I have to concede that you have definitely found examples where the Hebrews have mistreated others in such ways in the past. My apologies if you misunderstood what I was asking. [...]
That means now, not 1500 years ago. Not 3000 years ago. Now.


So, when Mahomet (1200 years ago) exhorts the people of Medina to have no mercy on the pagans of Mecca who attack them, you concede that this has no relevance to modern Moslems, as Jexster claims?

28678. jexster - 10/31/2006 10:47:25 AM

God told me to strike at al Qaida and I struck them, and then he instructed me to strike at Saddam, which I did, and now I am determined to solve the problem in the Middle East.
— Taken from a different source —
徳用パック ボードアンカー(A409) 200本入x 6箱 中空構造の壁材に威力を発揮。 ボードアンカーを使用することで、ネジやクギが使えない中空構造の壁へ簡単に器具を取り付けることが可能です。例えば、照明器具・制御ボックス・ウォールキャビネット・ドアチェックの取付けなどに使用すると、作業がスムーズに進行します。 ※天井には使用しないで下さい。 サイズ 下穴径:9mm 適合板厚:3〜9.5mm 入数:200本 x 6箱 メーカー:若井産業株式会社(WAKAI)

If you help me I will act, and if not, the elections will come and I will have to focus on them. [Holy BushWrit 2:204]

28679. jexster - 10/31/2006 10:57:19 AM

The real problem here is the same problem that zealots like Daniel Goldhagen have when they attempt to blame the Holocaust on Christianity. History is not so simple as the simple minded would have you believe.
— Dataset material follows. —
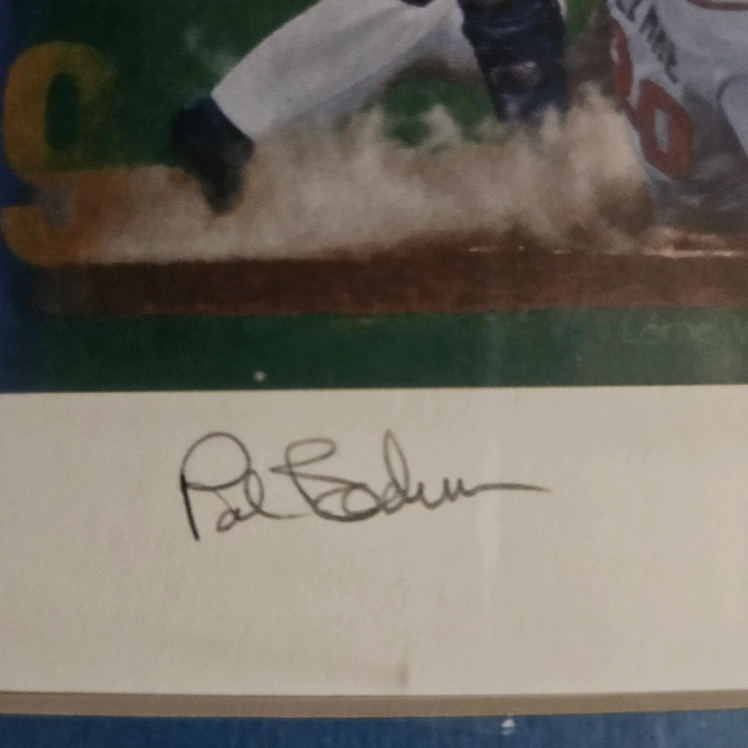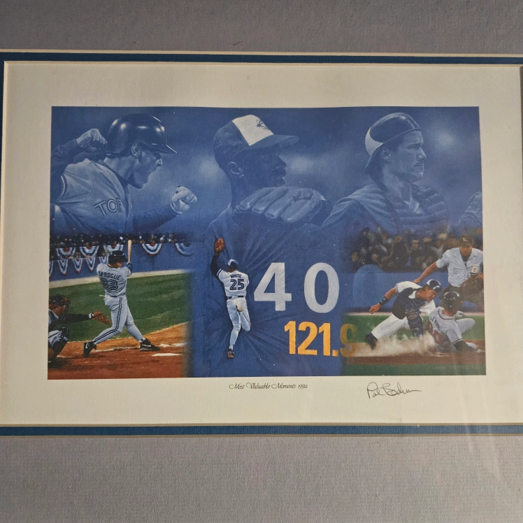 10Selling a framed print titled 'Most Valuable Moments 1992'. It features baseball players and moments from that year. The print is signed by Pat Borders.

Indeed, in the case of Islam it is much more complex because they have no Pope, no eeclesial structure, no Magesterium


Muslims are rather much like US Fundamentalists which makes this entire argument rather precious

28680. alistairconnor - 10/31/2006 11:04:28 AM

I ask all to take note of the subtle perversity of Con's rhetoric :

He invites me to look for
verses of Christianity or Judaism that exhort the believer to lie to, cheat, defraud and murder those of other faiths

and when I quote the Old Testament to illustrate exactly this, he distances himself from those sacred, distasteful Judaeo-Christian texts, then projects onto me :

AC - however much contempt you may have for Jewish religious beliefs and attitudes...


.... classic!

So, Con, make yourself clear. Do you repudiate the Old Testament, as did Marcion, and with it the Ten Commandments?

28681. concerned - 10/31/2006 7:45:30 PM

AC -

You refuse to grant the present tense only nature of my 'invitation', even when I re-emphasized it. You insist on conflating individual specific instructions given by certain Old Testament personages meant only for the ancient Hebrews thousands of years ago with the comprehensively controlling religious edicts meant for all present-day believers of Islam.

Until you can stop misconstruing my statements and correct these flaws in your 'argument' (I use the term loosely), don't hold your breath waiting for answers to irrelevant questions such as in 28680.

28682. jexster - 10/31/2006 8:08:06 PM

Dhimmi See
Dhimmi Done Did

28683. jexster - 10/31/2006 8:09:03 PM

"Concerned puts words in AC's mouth, like he puts bullshit in his head"

David Letterman

28684. alistairConnor - 10/31/2006 8:54:07 PM

OK. Concerned will perhaps reveal how he chooses the relevant passages in the Old Testament. Those which consist of injunctions to present-day Christians, as opposed to those which were addressed purely to the contemporaries of the Prophets.

(Perhaps it's by divine inspiration. Concerned, a latter-day Joseph Smith?)

Or perhaps he will allege that nothing in the Old Testament should be construed as religious edicts for present-day Christians. This, of course, would make a nonsense of his original invitation, since there would be, by definition, nothing to discuss.

And would also be a confession of the Dualist heresy.

28685. jexster - 10/31/2006 9:02:43 PM

Anyone seen Concerned lately?


    A teenager carrying a Bible and shouting "I want Jesus" was shot twice with a police stun gun and later died at a St. Louis hospital, authorities said.

28686. concerned - 10/31/2006 9:17:58 PM

Re. 28684 -

I wouldn't have thought that even you would have found Biblical texts so challenging, AC.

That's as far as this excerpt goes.